The rotatable friction plates 456 are mounted on the outer circumferential portion of the rotation restricting shaft 32 such that they are movable in the axial direction but not allowed to rotate relative to the outer circumferential portion. Likewise, specifically, the outer circumferential surface of the rotation restricting shaft 32 has a plurality of slit grooves along the axial direction, for example, and the rotatable friction plates 456 have a plurality of claws on their inner circumferential portion. The claws are inserted in the slit grooves.

The press mechanism constituting part of the brake mechanism 448 includes the bias spring 298 and piston device 245A, which are configured in the same manner as in the fourth embodiment. The piston device 245A is not described in detail here for the sake of brevity. The end of the tubular wall 58b of the tubular piston 58 that faces the second direction also serves as a press member.

While the hydraulic motor 415 is suspended from operating, the high-pressure hydraulic fluid does not flow into the piston chamber 59 thorough the pressure inlet channel 44. Thus, as shown in FIG. 11, the bias spring 298 applies a press force to the stationary and rotatable friction plates 455 and 456 via the tubular piston 58. As a result, a frictional force is exerted between the stationary and rotatable friction plates 455 and 456, thereby braking the oscillatory rotation of the oscillatory rotating body 30 and rotation restricting shaft 32.

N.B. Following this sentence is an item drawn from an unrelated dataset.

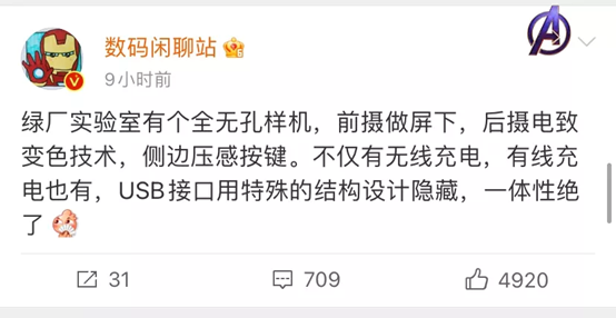 OPPO 最近也被爆料,称已经在实验室中做出了全无孔样机,并且用特殊的结构设计保留了有线充电接口。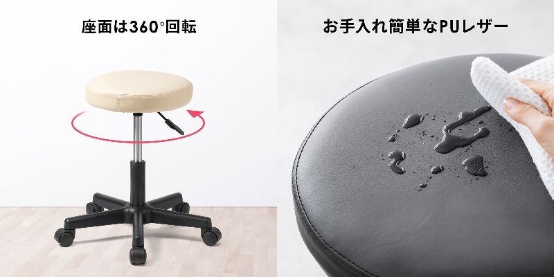 座面が360°回転するので、座ったまま身体の向きを変えられます。お手入れ簡単なPUレザー生地を採用しています。

As the hydraulic motor 415 starts operating, the high-pressure hydraulic fluid flows into the piston chamber 59 through the pressure inlet channel 44. As a result, as shown in FIG. 12, the pressure applied by the hydraulic fluid causes the tubular piston 58 to overcome the bias force applied by the bias spring 298 and to move backward. As a result, no frictional force is exerted between the stationary and rotatable friction plates 455 and 456, thereby allowing the oscillatory rotating body 30 and rotation restricting shaft 32 to freely rotate.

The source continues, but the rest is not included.